▸ **Task requirements**: After finding "Crnogorac / Montenegriner" in a line below, print that line and the rest of the lines exactly, leaving out all pictures.

▸ **Data extract**:
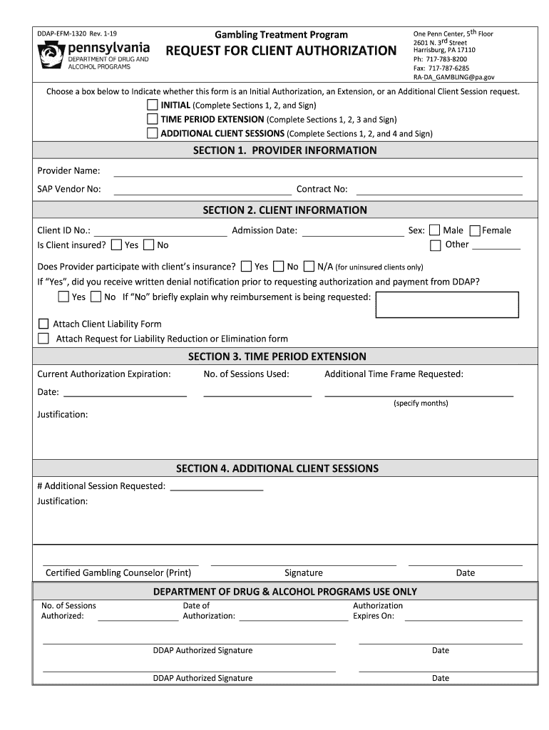 DDAPEFM1320 Rev. 119Gambling Treatment ProgramREQUEST FOR CLIENT Authorization Penn Center, 5th Floor
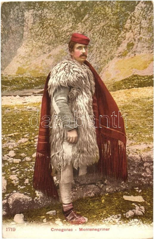 Crnogorac / Montenegriner / Montenegrin folklore, traditional costume.... https://www.darabanth.com/de/335-Fernauktion/335.0/Ansichtskarten/Folklore~2000050/Crnogorac-Montenegriner-Montenegrin-folklore-traditional-costume-J-Tosovic-1719~II1882023
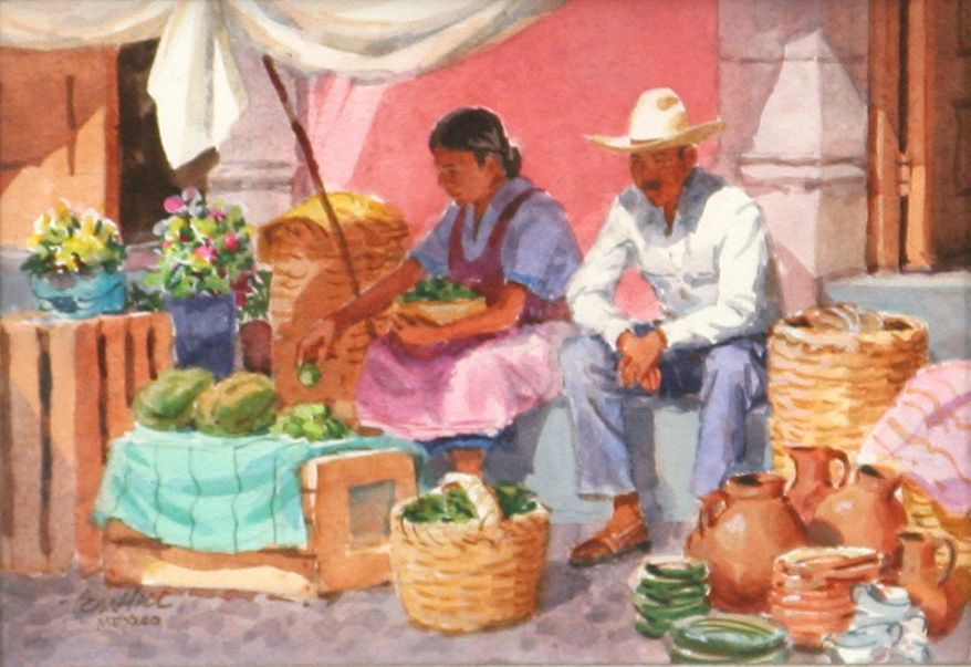 Tom Hill (1925 - ). Patience. 6.25" x 9.25" watercolor. Signed lower left: TOM HILL, MEXICO. Condition reports can be viewed at www.marchinmontana.com/docs/2013CR.pdf
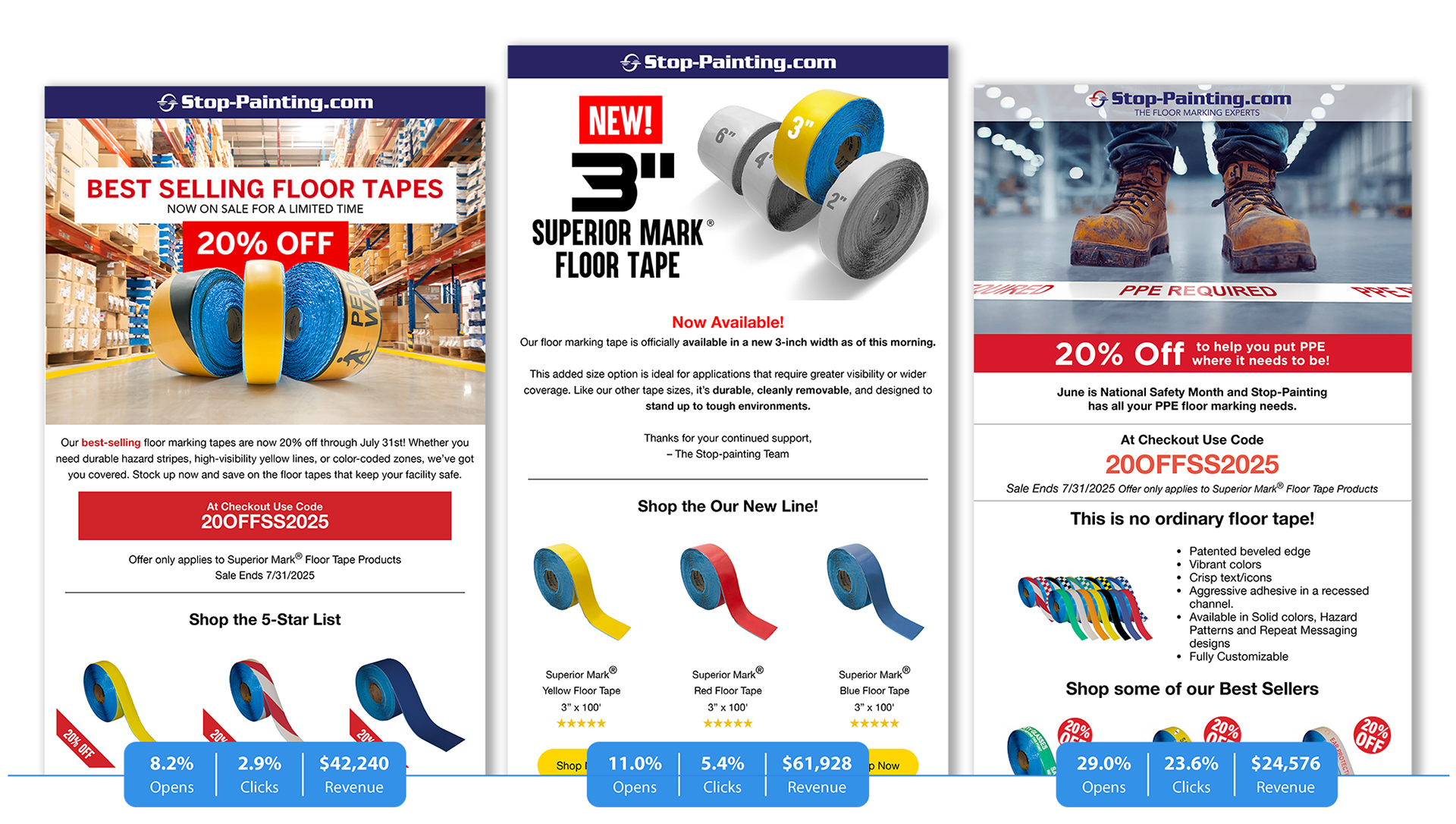 A collection of various marketing materials that were created over the years for Stop-painting. Design collateral ranges but is not limited to catalogs, email marketing, postcards, and trade show materials. Email marketing design include analytics from a financial point of view as well.

▸ **Written solution**:
 Crnogorac / Montenegriner / Montenegrin folklore, traditional costume.... https://www.darabanth.com/de/335-Fernauktion/335.0/Ansichtskarten/Folklore~2000050/Crnogorac-Montenegriner-Montenegrin-folklore-traditional-costume-J-Tosovic-1719~II1882023
 Tom Hill (1925 - ). Patience. 6.25" x 9.25" watercolor. Signed lower left: TOM HILL, MEXICO. Condition reports can be viewed at www.marchinmontana.com/docs/2013CR.pdf
 A collection of various marketing materials that were created over the years for Stop-painting. Design collateral ranges but is not limited to catalogs, email marketing, postcards, and trade show materials. Email marketing design include analytics from a financial point of view as well.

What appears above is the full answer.